# K-means
## Imports, RAM check, and data generation

In [34]:
import pandas as pd
import numpy as np

from sklearn.datasets import make_blobs
from sklearn import metrics
from sklearn.preprocessing import StandardScaler

!pip install memory-profiler
%load_ext memory_profiler

from sklearn.cluster import KMeans

Looking in indexes: https://pypi.org/simple, https://us-python.pkg.dev/colab-wheels/public/simple/
The memory_profiler extension is already loaded. To reload it, use:
  %reload_ext memory_profiler


In [35]:
from psutil import virtual_memory
ram_gb = virtual_memory().total / 1e9
print('Your runtime has {:.1f} gigabytes of available RAM\n'.format(ram_gb))

if ram_gb < 20:
  print('Not using a high-RAM runtime')
else:
  print('You are using a high-RAM runtime!')

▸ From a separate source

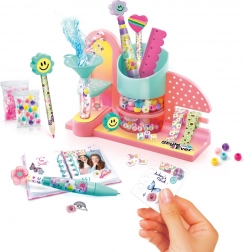 Biurkowy zestaw na artykuły piśmiennicze Style4Ever zamieni każde stanowisko pracy w strefę kreatywności. Dzieci mogą spersonalizować stojak na ołówki i inne przybory za pomocą naklejek, koralików oraz dekoracyjnych woreczków. Wszystko zaprojektowano tak, aby efekt był jedyny w swoim rodzaju i praktyczny.

Your runtime has 54.8 gigabytes of available RAM

You are using a high-RAM runtime!


In [None]:
def create_exp1_data(
    n_samples_array: list, 
    n_features: int = 3, 
    centers: int = 5, 
    random_state: int = 17,
    ):
    global_storage: dict = {}
    for n_sample in n_samples_array:
        local_storage: dict = {}
        X, labels_true = make_blobs(
            n_samples=n_sample, 
            n_features=n_features,
            centers=centers, 
            random_state=random_state, 
        )
        X_scaled = StandardScaler().fit_transform(X)
        local_storage['X'], local_storage['X_scaled'], local_storage['labels_true'] = X, X_scaled, labels_true
        global_storage[n_sample] = local_storage
    return global_storage

exp1_n_features = 3
exp1_centers = 5
exp1_random_state = 17
exp1_n_samples_array: list = [
    100,
    500, 
    1_000,
    3_000, 
    5_000,
    7_500, 
    10_000,
    15_000, 
    20_000, 
    50_000,
    75_000, 
    100_000,
    500_000, 
    1_000_000, 
    2_000_000, 
    3_000_000,
]

exp1_data: dict = create_exp1_data(n_samples_array=exp1_n_samples_array)

## Algorithm run
#### n = 100

In [None]:
%memit kmeans = KMeans(n_clusters=exp1_centers, random_state=exp1_random_state).fit(exp1_data[100]['X_scaled'])

peak memory: 625.36 MiB, increment: 0.94 MiB


In [None]:
%timeit kmeans = KMeans(n_clusters=exp1_centers, random_state=exp1_random_state).fit(exp1_data[100]['X_scaled'])

18.3 ms ± 980 µs per loop (mean ± std. dev. of 7 runs, 100 loops each)


#### n = 500

In [None]:
%memit kmeans = KMeans(n_clusters=exp1_centers, random_state=exp1_random_state).fit(exp1_data[500]['X_scaled'])

peak memory: 625.50 MiB, increment: 0.00 MiB


In [None]:
%timeit kmeans = KMeans(n_clusters=exp1_centers, random_state=exp1_random_state).fit(exp1_data[500]['X_scaled'])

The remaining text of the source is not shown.